__ABOUT THIS TASK__. Only the lines from the start of the data below through the line that contains "Duck carrier tote" are to be copied, exactly and without pictures.

__RECORDED DATA__.
Start of Block

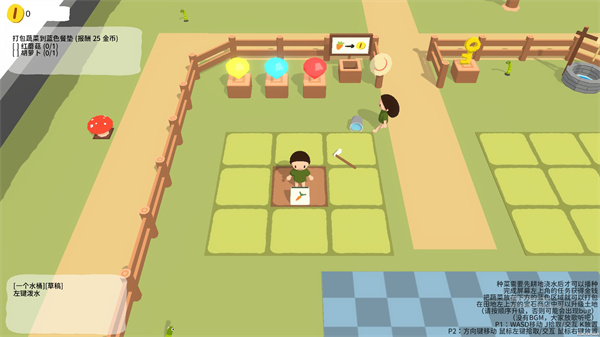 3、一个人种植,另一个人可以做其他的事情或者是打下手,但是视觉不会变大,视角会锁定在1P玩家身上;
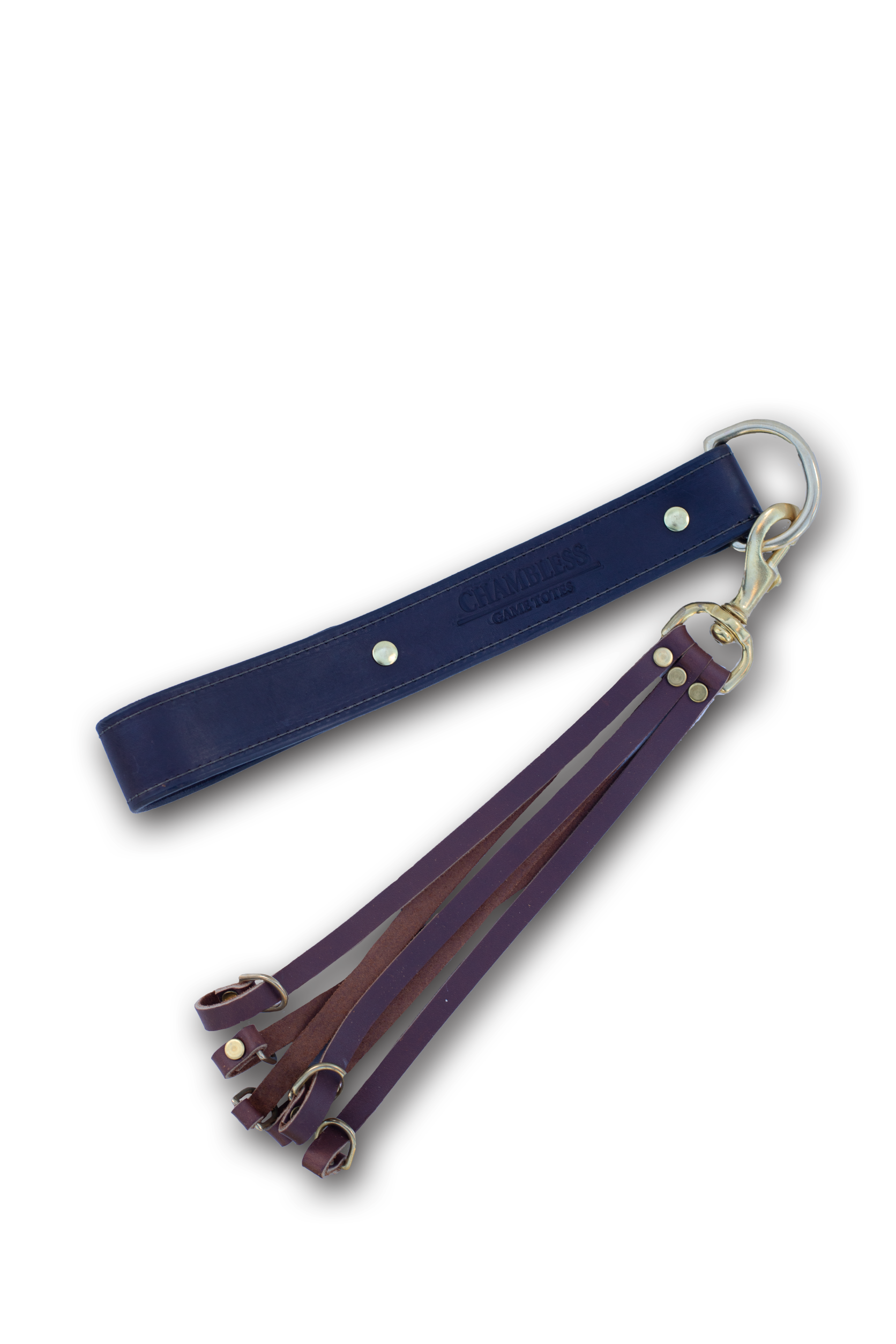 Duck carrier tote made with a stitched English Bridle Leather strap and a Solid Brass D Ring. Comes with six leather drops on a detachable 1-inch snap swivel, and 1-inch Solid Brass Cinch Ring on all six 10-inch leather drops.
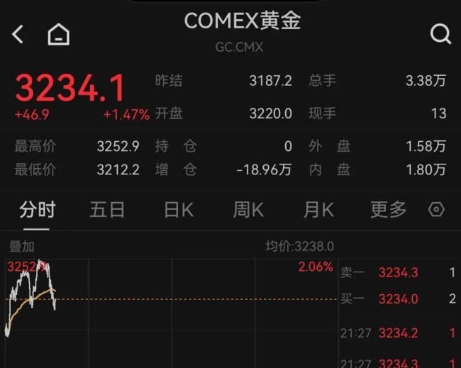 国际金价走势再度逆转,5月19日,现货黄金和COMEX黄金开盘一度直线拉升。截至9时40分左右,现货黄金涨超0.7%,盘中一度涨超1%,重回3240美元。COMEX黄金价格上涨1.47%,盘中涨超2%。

End of Block

__RESULT FOR THIS TASK__.
 3、一个人种植,另一个人可以做其他的事情或者是打下手,但是视觉不会变大,视角会锁定在1P玩家身上;
 Duck carrier tote made with a stitched English Bridle Leather strap and a Solid Brass D Ring. Comes with six leather drops on a detachable 1-inch snap swivel, and 1-inch Solid Brass Cinch Ring on all six 10-inch leather drops.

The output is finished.